Long story short, the move to take Greenland has cooled down for now; it appears that Europe banding together might have given Trump pause. It also appears Trump might be focusing his attention on Carney (again) this week, and honestly, looking at his recent posts on ‘Truth Social’, this finance journalist is left once again wondering if the US President has a coke habit, or at least maybe adderall.

(At time of writing, he’s made about a dozen Truth Social posts in the last six hours.)

A screenshot of Donald’s Truth Social account (Truth Social)

Gold prices near US$5K/oz

On the back of all this geopolitical macro – or, in other words, what could still easily turn into a trade war between the U.S. and the EU – gold is continuing its record run, nearing US$5,000/oz for the first time. At time of writing, it’s US$4,950/oz; silver is also following up close behind, not far from US$100/oz itself.

Last 24 hours of gold movement a/a 3.00pm AEDT (TradingEconomics)

That chart, please note, is just the last twenty-four hours. It is not even too outrageous to use the word ‘insane’ here, especially seeing as it looks like we just evaded a trade war. The world wants gold, and nobody is worrying about the top being in. For reference, here’s the last twenty-four hours for silver:

Last 24 hours of silver movement a/a 3.00pm AEDT (TradingEconomics)

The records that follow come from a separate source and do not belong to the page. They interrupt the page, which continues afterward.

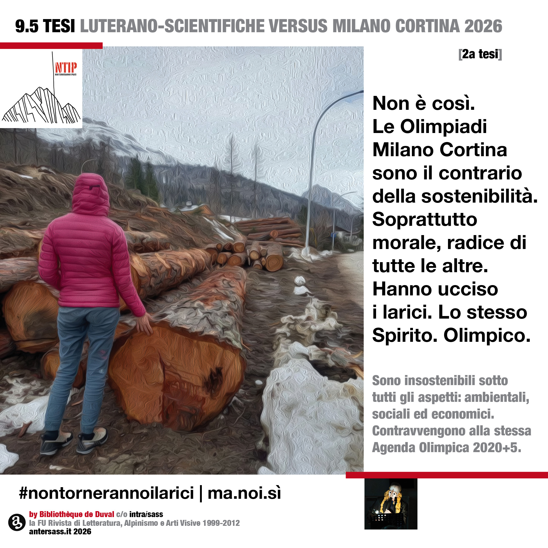 Non è così. Le Olimpiadi Milano Cortina sono il contrario della sostenibilità. Soprattutto morale, radice di tutte le altre. Hanno ucciso i larici. Lo stesso Spirito. Olimpico.
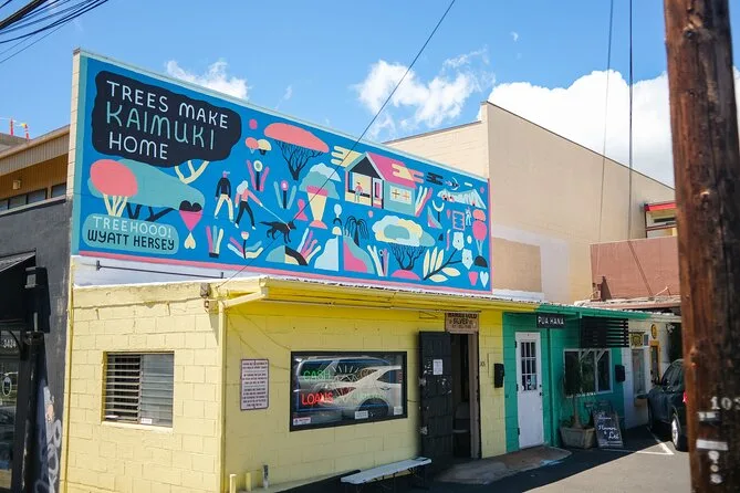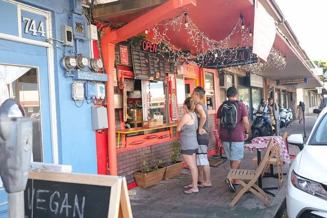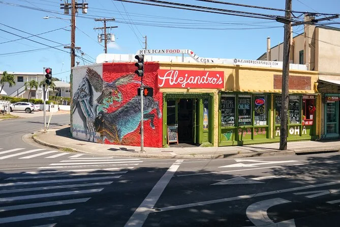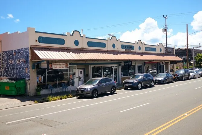 La ruta pasa por el Parque Regional Kapiolani — grandes praderas llenas de familias, corredores y alguien tocando un ukelele bajo un árbol banyan. Si viajas un sábado, hacen parada en el mercado de agricultores KCC. No lo tenía planeado, pero terminé recorriendo filas de puestos de frutas y cafés. Probé un mochi de piña (pegajoso, dulce y raro, pero perfecto) mientras un vendedor mayor me contaba que cultiva su propio jengibre “up mauka”. Li se rió cuando intenté decirlo en mandarín — seguro lo dije fatal.
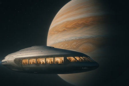 Futuristic space liner traveling near gas giant planet in cosmic scene illustration. concept of interstellar travel, advanced technology, space exploration.
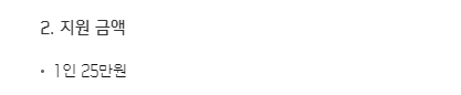 신청 대상은 법정 생년월일 2002년 12월 31일 이전 출생의 성인으로 개인별로 본인이 신청 가능하다고 합니다. 미성년 자녀는 동일주소지 세대주가 신청 가능하며, 세대주인 미성년자는 직접 신청이 가능이라고 적혀있는 걸 볼 수 있습니다. 국민지원금 지원 금액은 1인당 25만 원인데요. 2인 가구는 50만 원, 3인 가구는 75만 원, 4인 가구는 100만 원을 받아 볼 수 있습니다.
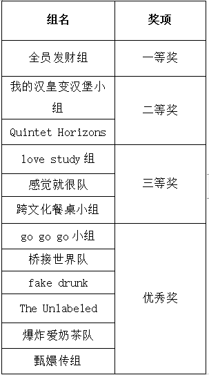本次大赛设一等奖1组、二等奖2组、三等奖3组和优秀奖6组。我们也将推选出三名选手组队代表广州南方学院出战11月份“外教社杯”全国高校学生跨文化能力大赛广东赛区的比赛。

Clearly, the market’s fully expecting more chaos as the year unfolds. God knows what the next big catalyst will be. At the time of writing, the U.S. has just exited the World Health Organisation (WHO). So, there’s that.

Australian unemployment back to 4.1%

The other big thing this week worth noting is far more local: We got fresh labour market data from the ABS this week, and wouldn’t you know it, Australia’s unemployment rate has gone back down to 4.1% (previous readout 4.3%).

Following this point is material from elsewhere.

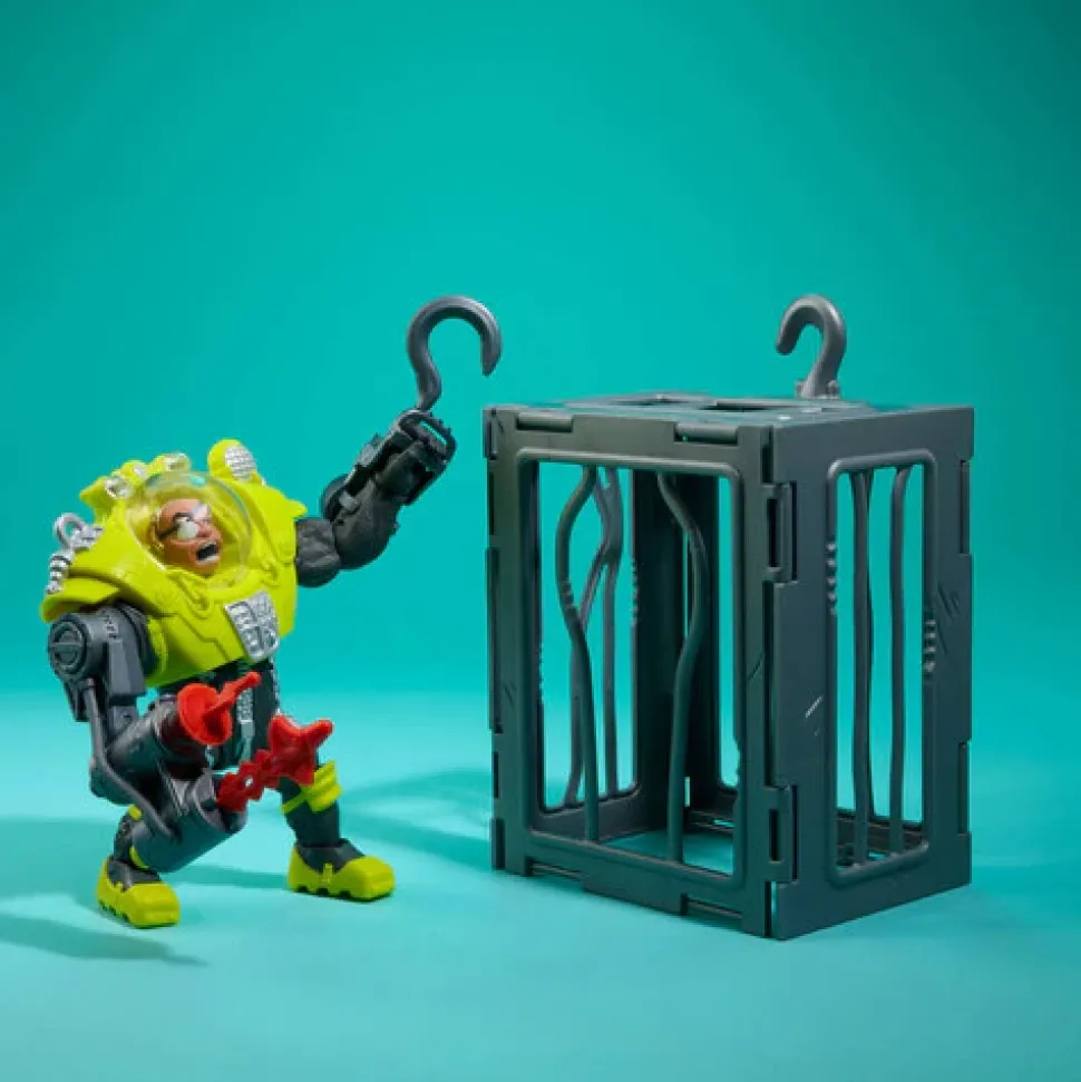 This figure of the gene-juggling madman has modern articulation, a spring-fired speargun with projectiles, transformation action, and a modular shark cage. At about 6 inches tall, Dr. Piranoid makes a great collectible for everyone who grew up watching Street Sharks, as well as brand new fans seeing these characters for the first time.

That adds more fuel to the flames of belief that the RBA will pause next month, if not hike them – and many are expecting the hike scenario to be what we get.

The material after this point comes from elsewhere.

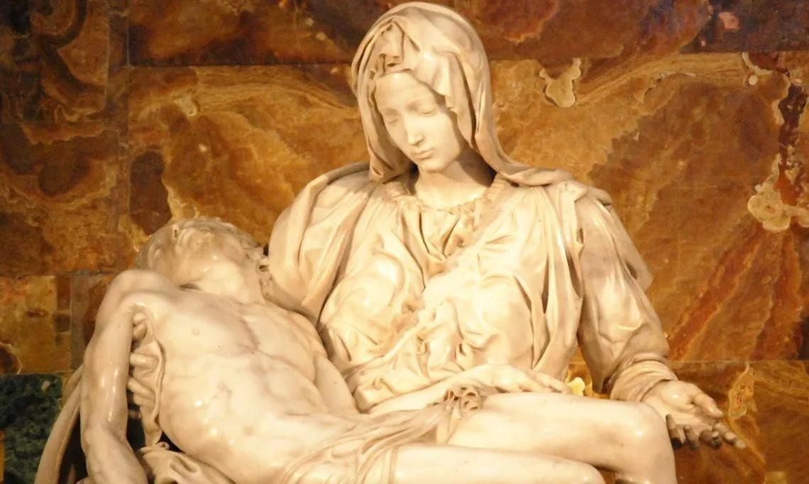 피에타 조각상을 보면 성모 마리아의 왼쪽 팔에 예수님의 얼굴을 둔 채 예수님의 몸을 성모 마리아의 넓게 벌린 다리와 치마 사이에 넣어 완벽한 삼각형 구도를 이루고 있다. 상체와 팔의 근육으로 생동감이 넘치는 예수님의 몸을 잡고 있는 마리아의 오른쪽 손가락은 옷자락에 눌러진 채 사실감을 더하고 있다. 예수 아래로 자연스럽게 펼쳐진 치마주름과 예수를 받치는 마리아의 왼손은 손금이 보일 정도로 섬세하다.

While low unemployment sounds good, for the job of tackling inflation, it provides a complication: More people employed implies more people getting paid with discretionary income to go out into the economy and buy goods and services, thus providing the underlying force that results in natural inflation.

And that means that if everybody is employed, the RBA has no real incentive to cut rates right now (especially seeing as the other half of its dual-mandate is to ensure unemployment doesn’t get out of control; for as long as the rate stays where it is, the RBA has no need to spring for a rate cut.)

Of course, as State Street analysts pointed out, the rate of job growth in Australia is slowing. We could be at peak capacity right now, which would make sense in a world where everything is expensive.

But in the meantime, when it comes to Aussie Reserve Bank rate cuts, we’ve got a while longer yet to wait. Potentially a good while, too.